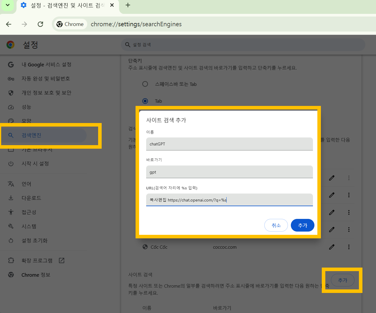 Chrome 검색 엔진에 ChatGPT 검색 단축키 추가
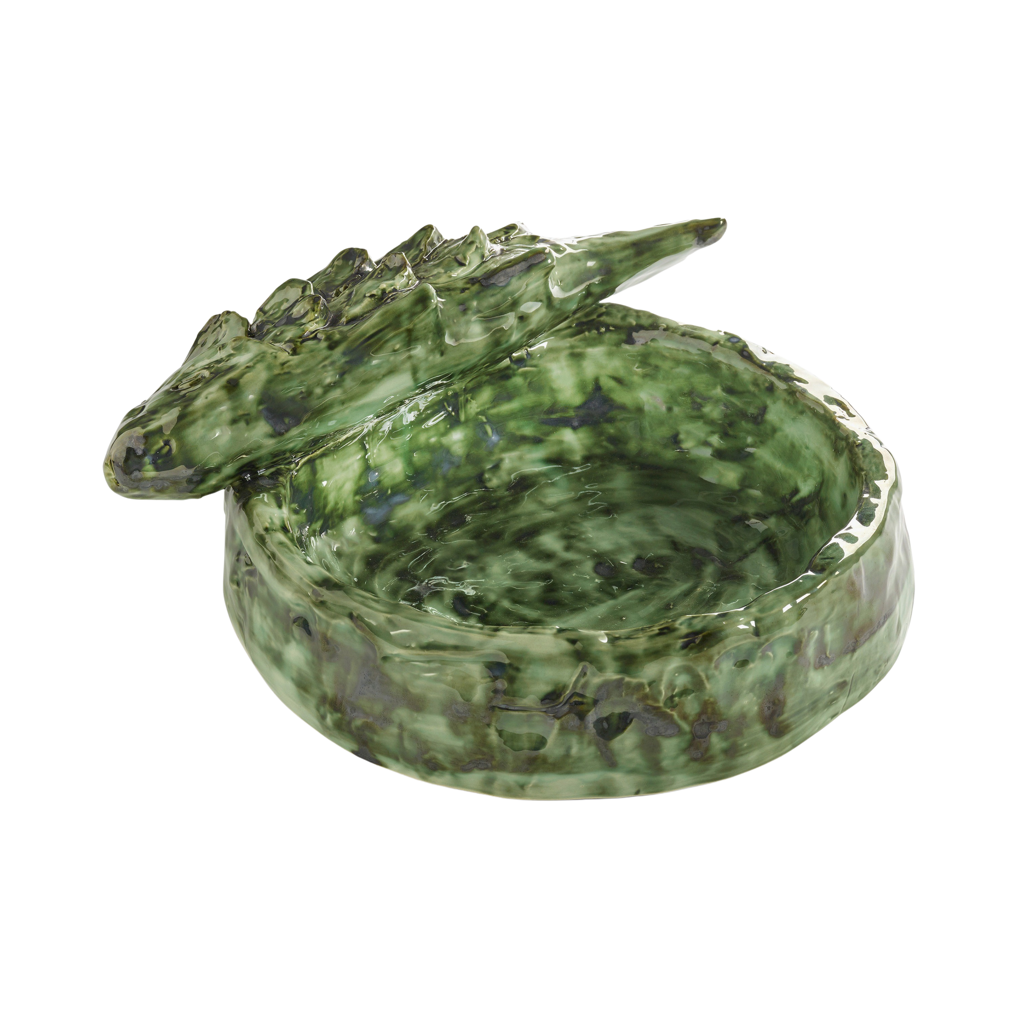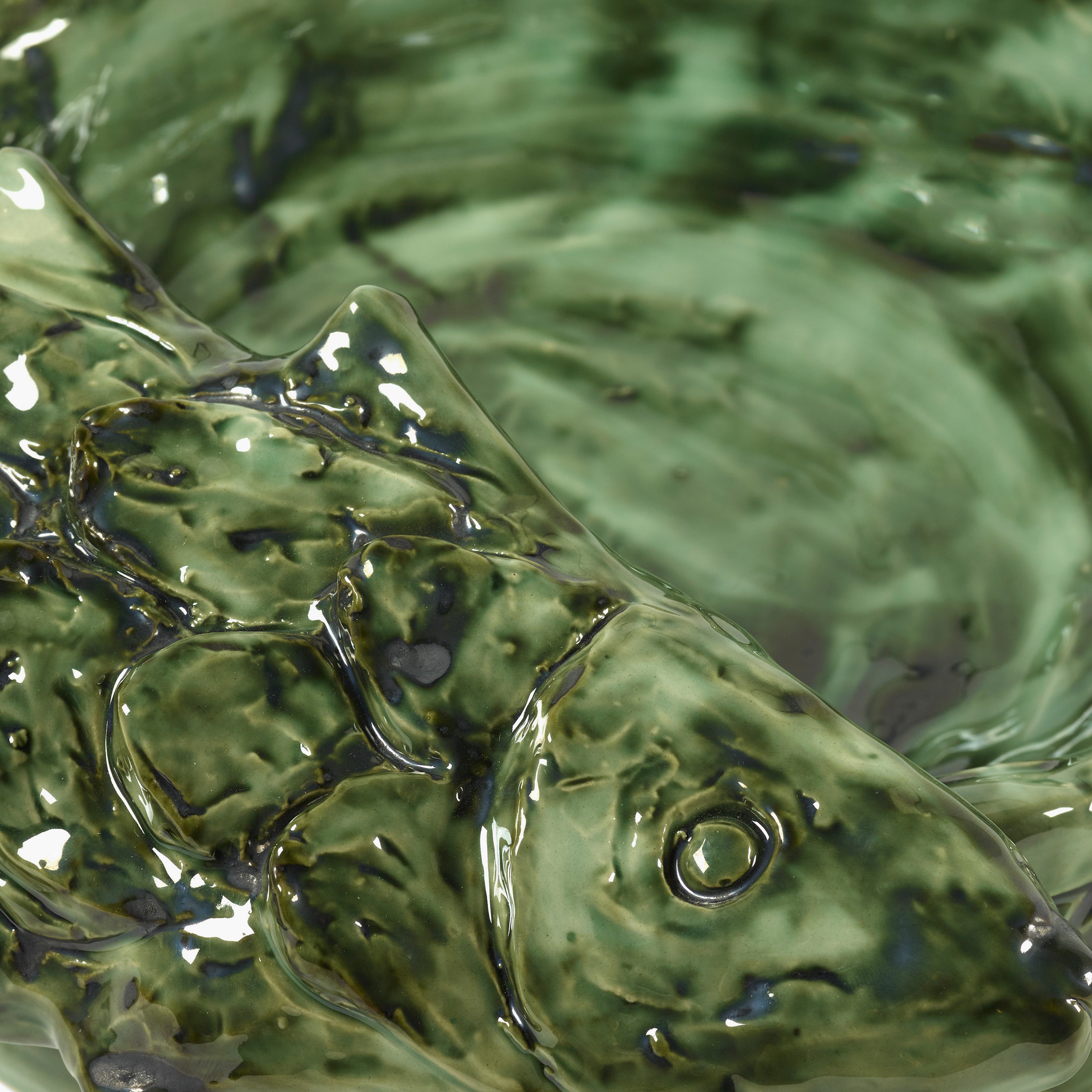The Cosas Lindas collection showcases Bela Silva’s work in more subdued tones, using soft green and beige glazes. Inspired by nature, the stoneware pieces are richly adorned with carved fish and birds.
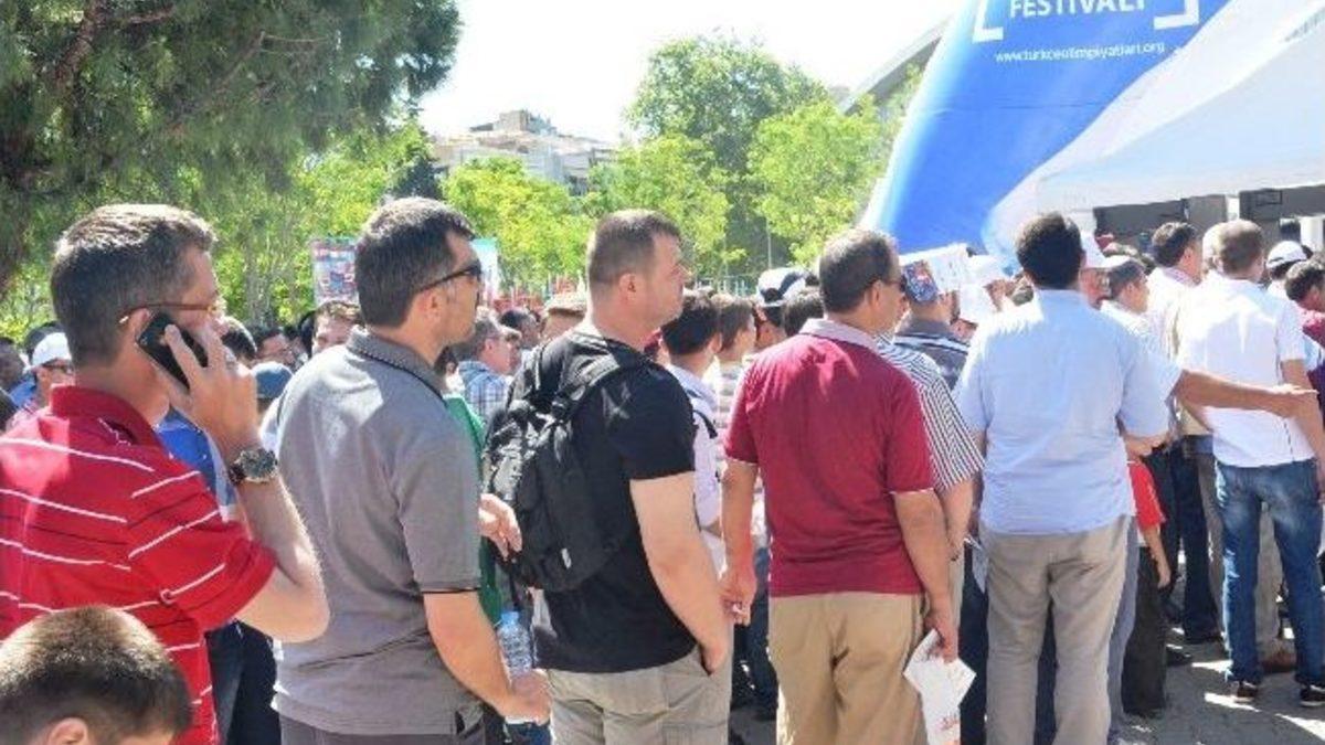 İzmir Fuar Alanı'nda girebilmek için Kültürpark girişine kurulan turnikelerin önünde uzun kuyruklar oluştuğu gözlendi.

···

» **Work instructions**: No pictures belong in the output. It should reproduce exactly the lines from the one containing "The Cosas Lindas" through the end of the data, both ends included.

» **Written response**:
The Cosas Lindas collection showcases Bela Silva’s work in more subdued tones, using soft green and beige glazes. Inspired by nature, the stoneware pieces are richly adorned with carved fish and birds.
 İzmir Fuar Alanı'nda girebilmek için Kültürpark girişine kurulan turnikelerin önünde uzun kuyruklar oluştuğu gözlendi.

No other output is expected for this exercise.